砂浜を、てくてくてくてく、と歩いてゆく。
黄色いショベルカーが二台、砂浜に放置されている。近づいてみると、ヤンマーディーゼル車だ。せっかくなのでショベルカーの出っ張ったところに腰掛けて、小さな声でヤンマーの歌を歌う。大きなものから小さなものまで動かす力〜♪のあたりで頭の上を見ると満天の星だ。周りの散歩人たちは、おのおの夜空に没頭している。
すごいなあ。吸い込まれるのが怖くないのだろうか。
満点の星にドキドキしながら、眺めるともなしに暗い海を眺めていると、後ろから声がした。
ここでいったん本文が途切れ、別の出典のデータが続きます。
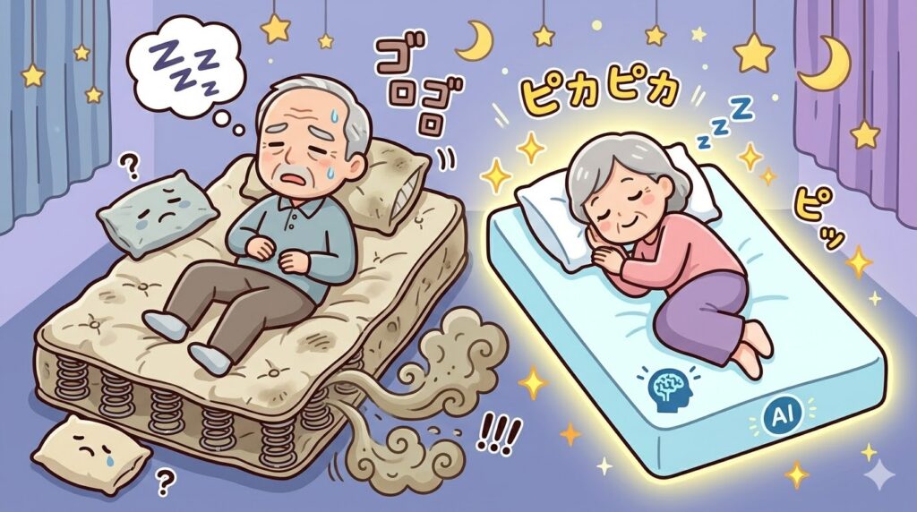 シニア世代になると筋肉量が少しずつ減ってくるため、この「寝返りのしやすさ」が眠りの質を大きく左右する重要な鍵になります。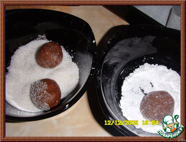 Обвалять каждый шарик в сахаре, а затем в сахарной пудре. (Для усиления эффекта надо обвалять шарики в сахарной пудре дважды, с промежутком в несколько минут.)
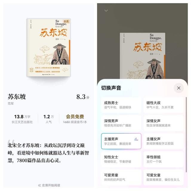 在儿子的带动下,我们全家现在都拟定了自己的阅读计划,比如我就把之前早就想看的《苏东坡传》找了出来,每天利用碎片化的时间读一读。即便是在上下班通勤的路上,我也可以点开“听书”功能,选个“主播男声”的精品音色为我朗读,那浑厚的音色,真有种“专属课堂”的感觉,苏东坡的豁达瞬间治愈了“班味儿”。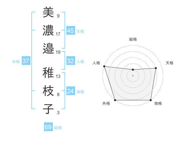美濃邉 稚枝子さんの外格は37画の5点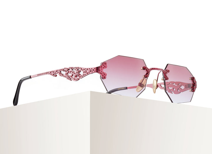 The majesty of the sea is brought to shore through the striking details of the Coral sunglasses. Bold hexagonal lenses are complemented by bejeweled coral frames in this wearable work of art. Inspired by the ocean’s precious and extraordinary life force, the Coral sunglasses are a luxurious symbol of serene strength.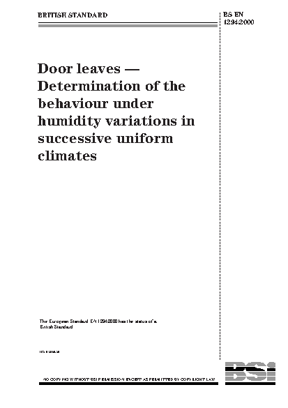 Door leaves. Determination of the behaviour under humidity variations in successive uniform climates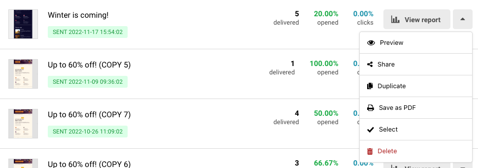 Go to Email campaigns, click the arrow next to the campaign in question and choose “Share”.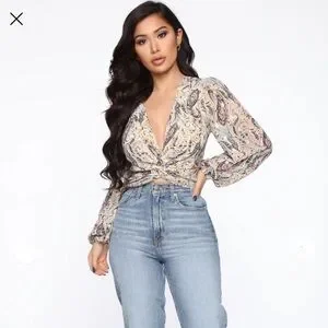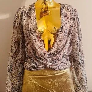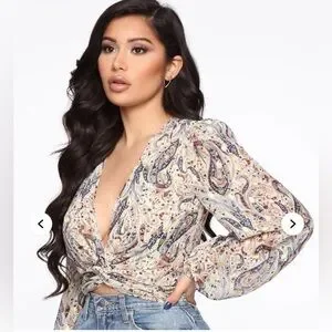 Elevate your style with this chic paisley print twist front blouse. Perfect for any occasion, this top features a flattering design and elegant cream tones. Pair it with your favorite jeans for a sophisticated look.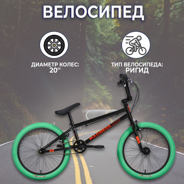 Экстремальный велосипед BMX без переключения передач. Технические особенности: стальная рама Hi-Ten, жесткая стальная вилка, двойные алюминиевые обода Stars Circle Double Wall, надежные ободные тормоза клещевого типа Radius U936DR U-Brake. Подходит для экстремального катания в городских условиях или в специальных парках. Диаметр колес - 20 дюймов. Вес - 12,3 кг.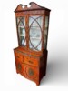 FurnitureA handsome Georgian era mahogany sewing or work table from the early 1800s. Satin wood banding decorates the mahogany throughout to include: the top with the two drop leaves, the two symmetrical front and back drawers ( the front drawer opens full depth vs the back is fixed) and the quatrefoil feet with brass caps and casters.

振り向くと、アパートの隣に住むポーランド人夫婦である。二人は、夜空を見にきたのだと言って、マフラーをきゅっと締め直した。
砂浜に佇み、夜空に顔を向けながら、隣に住む夫婦は語り出すーー外国で息子を育てるのは本当に大変だよ。親がフランス語を教えてやれないからね。しかも中学生だから、反抗期真っ盛り。たまに息子が一人きりになりたがるから、そんな日は彼のためにアパートを出て、こうやって夫婦で夜空を見にくるんだ。ああ、ポーランドの夜空と一緒だなあ。そう思いながら夜空に吸われるのは気分がいいね。今夜が満月でよかった。
なるほどーー吸い込まれるのが平気なのか。しかも吸われつつ、嬉しがる余裕まであるとは。
それとも、私が夜空を怖がりすぎなのかしら。
そういえば、岡本太郎『美の呪力』(新潮文庫)には、夜についての一章があったと思い、アパートに帰ってから読んでみた。
昼はひたむきに輝き、夜は透明でしかも混沌のままひろがる(…)私はビザンチンの「夜」をおもいおこす。たとえばサン・マルコ大聖堂のドームいっぱいにひろがる金色。(…)またラベンナのモザイクの、真青にはりつめた夜空のきらめき。(…)青くてもいいし、金色でも良い。少しもかまわないのだ。黒々とした宇宙への感動を、たまたまブルーにし、またたまたま金にして、迷わない。矛盾に対してまったく平気である。そこに「絶対」が出現する。中世において、人は矛盾に対面しながら透明でありえた。(…)「神は死んだ」と近代精神は宣言した。だがこの青の空間、金色の夜は、そのような思考を超えて生きている。岡本の言葉でいうと、昼は「世界」で、夜は「宇宙」だ。そしてその宇宙は、単純なる畏怖に転化するようなものではなく、むしろ矛盾を秘めた澄明へとどこまでもひろがる性質を持っている。生活というものが完全に地に根ざし、誰もが汗水を流して働いた中世の人々にとって、昼の過酷さに対立するように、夜とは純潔だったのだ。